Problem — For this exercise, repeat exactly the lines below starting at the line holding "전선이 찍힘으로 인해서" and ending at the line holding "the ergonomic backrest.", both included, with no extra lines and no pictures.

Source records —
:::::

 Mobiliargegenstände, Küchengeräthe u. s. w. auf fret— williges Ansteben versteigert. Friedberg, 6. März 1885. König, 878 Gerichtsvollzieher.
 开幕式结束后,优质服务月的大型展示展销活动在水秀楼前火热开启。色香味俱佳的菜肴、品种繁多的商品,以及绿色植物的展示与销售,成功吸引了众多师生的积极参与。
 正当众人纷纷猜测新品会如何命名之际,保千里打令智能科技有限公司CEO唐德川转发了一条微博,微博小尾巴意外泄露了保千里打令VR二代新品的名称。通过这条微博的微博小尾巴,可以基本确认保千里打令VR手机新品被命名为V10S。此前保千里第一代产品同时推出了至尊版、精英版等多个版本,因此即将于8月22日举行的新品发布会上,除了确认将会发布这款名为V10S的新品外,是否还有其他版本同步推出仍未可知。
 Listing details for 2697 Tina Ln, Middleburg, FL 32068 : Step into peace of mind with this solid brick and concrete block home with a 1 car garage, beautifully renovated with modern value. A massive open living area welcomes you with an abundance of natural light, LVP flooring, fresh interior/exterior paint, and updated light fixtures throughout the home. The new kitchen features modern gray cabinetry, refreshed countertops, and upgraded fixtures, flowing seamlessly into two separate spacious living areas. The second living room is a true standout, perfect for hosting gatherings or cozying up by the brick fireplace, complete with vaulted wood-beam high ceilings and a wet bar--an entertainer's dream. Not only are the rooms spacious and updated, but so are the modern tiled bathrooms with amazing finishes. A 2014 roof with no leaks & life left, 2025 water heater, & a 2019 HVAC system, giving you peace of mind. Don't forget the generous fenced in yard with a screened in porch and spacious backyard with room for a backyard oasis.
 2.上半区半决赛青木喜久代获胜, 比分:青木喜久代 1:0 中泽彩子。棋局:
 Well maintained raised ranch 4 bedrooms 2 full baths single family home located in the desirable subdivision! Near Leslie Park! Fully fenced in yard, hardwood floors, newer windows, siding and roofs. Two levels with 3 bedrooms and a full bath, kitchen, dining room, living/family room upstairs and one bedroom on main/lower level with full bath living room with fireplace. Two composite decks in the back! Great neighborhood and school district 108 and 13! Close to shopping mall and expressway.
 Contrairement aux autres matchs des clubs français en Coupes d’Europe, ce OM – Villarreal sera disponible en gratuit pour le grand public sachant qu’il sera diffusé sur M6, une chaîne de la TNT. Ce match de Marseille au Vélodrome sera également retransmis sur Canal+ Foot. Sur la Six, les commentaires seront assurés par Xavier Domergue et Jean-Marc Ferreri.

:::::

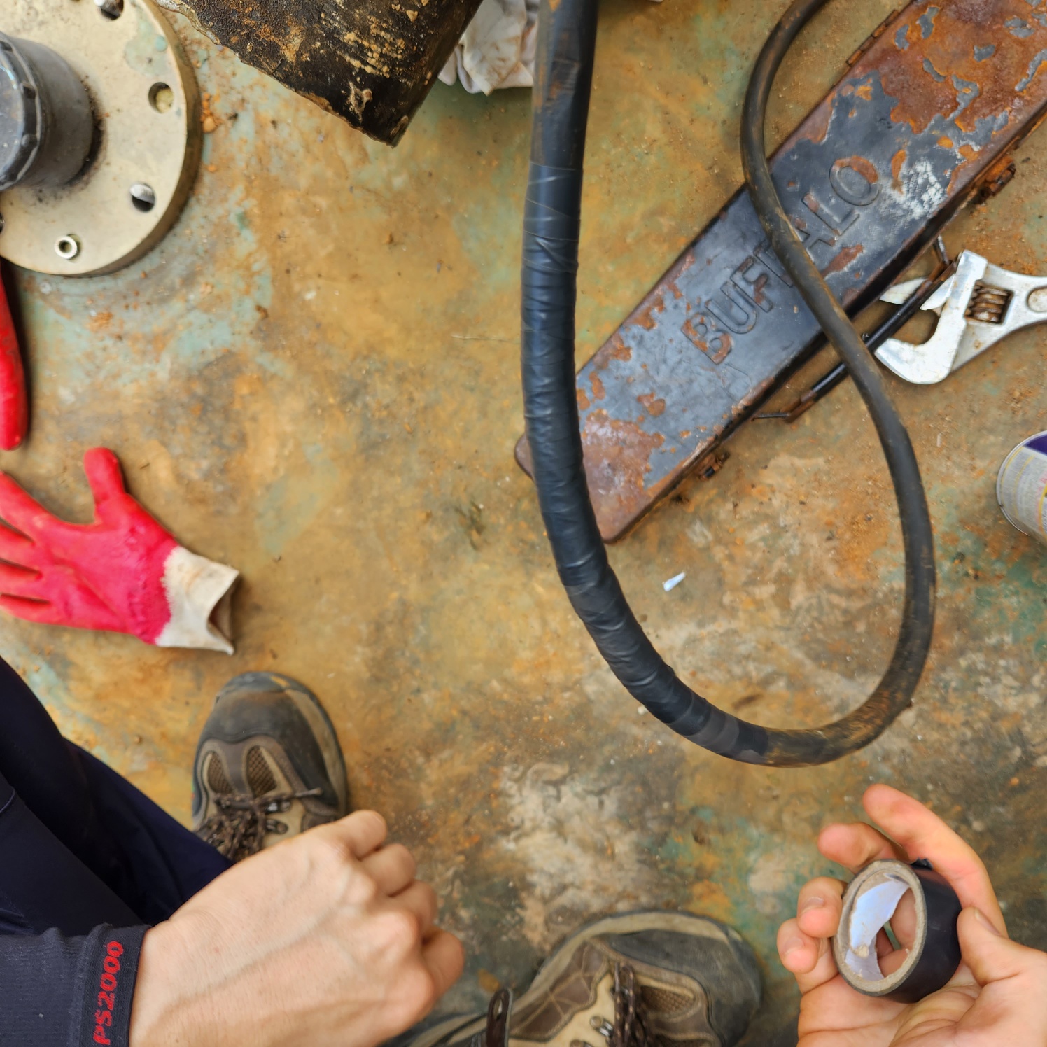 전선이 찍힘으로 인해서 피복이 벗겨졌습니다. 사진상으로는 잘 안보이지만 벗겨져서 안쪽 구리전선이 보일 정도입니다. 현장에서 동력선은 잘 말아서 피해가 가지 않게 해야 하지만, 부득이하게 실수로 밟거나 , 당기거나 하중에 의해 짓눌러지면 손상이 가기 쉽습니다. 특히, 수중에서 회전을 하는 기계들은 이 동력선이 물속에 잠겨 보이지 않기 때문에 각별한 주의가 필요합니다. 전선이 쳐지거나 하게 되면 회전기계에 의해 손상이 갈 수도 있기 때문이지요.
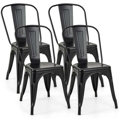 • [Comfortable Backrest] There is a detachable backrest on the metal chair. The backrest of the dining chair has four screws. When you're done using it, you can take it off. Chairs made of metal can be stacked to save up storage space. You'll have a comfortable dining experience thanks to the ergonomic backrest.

:::::

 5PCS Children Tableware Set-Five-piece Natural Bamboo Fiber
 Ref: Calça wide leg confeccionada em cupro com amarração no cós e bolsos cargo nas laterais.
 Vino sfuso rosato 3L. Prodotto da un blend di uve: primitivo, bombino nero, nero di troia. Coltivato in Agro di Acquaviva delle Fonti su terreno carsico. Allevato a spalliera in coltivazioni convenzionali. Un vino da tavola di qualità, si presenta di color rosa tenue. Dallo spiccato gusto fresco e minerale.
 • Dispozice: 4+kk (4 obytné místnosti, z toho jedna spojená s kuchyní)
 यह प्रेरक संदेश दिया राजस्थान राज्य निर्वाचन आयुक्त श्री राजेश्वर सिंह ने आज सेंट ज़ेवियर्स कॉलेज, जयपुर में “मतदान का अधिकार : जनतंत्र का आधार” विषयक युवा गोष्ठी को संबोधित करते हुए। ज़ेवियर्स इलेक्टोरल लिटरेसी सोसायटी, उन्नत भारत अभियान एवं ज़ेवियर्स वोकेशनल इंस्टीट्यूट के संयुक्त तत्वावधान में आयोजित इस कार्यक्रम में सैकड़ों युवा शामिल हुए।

:::::

Written answer —
 전선이 찍힘으로 인해서 피복이 벗겨졌습니다. 사진상으로는 잘 안보이지만 벗겨져서 안쪽 구리전선이 보일 정도입니다. 현장에서 동력선은 잘 말아서 피해가 가지 않게 해야 하지만, 부득이하게 실수로 밟거나 , 당기거나 하중에 의해 짓눌러지면 손상이 가기 쉽습니다. 특히, 수중에서 회전을 하는 기계들은 이 동력선이 물속에 잠겨 보이지 않기 때문에 각별한 주의가 필요합니다. 전선이 쳐지거나 하게 되면 회전기계에 의해 손상이 갈 수도 있기 때문이지요.
 • [Comfortable Backrest] There is a detachable backrest on the metal chair. The backrest of the dining chair has four screws. When you're done using it, you can take it off. Chairs made of metal can be stacked to save up storage space. You'll have a comfortable dining experience thanks to the ergonomic backrest.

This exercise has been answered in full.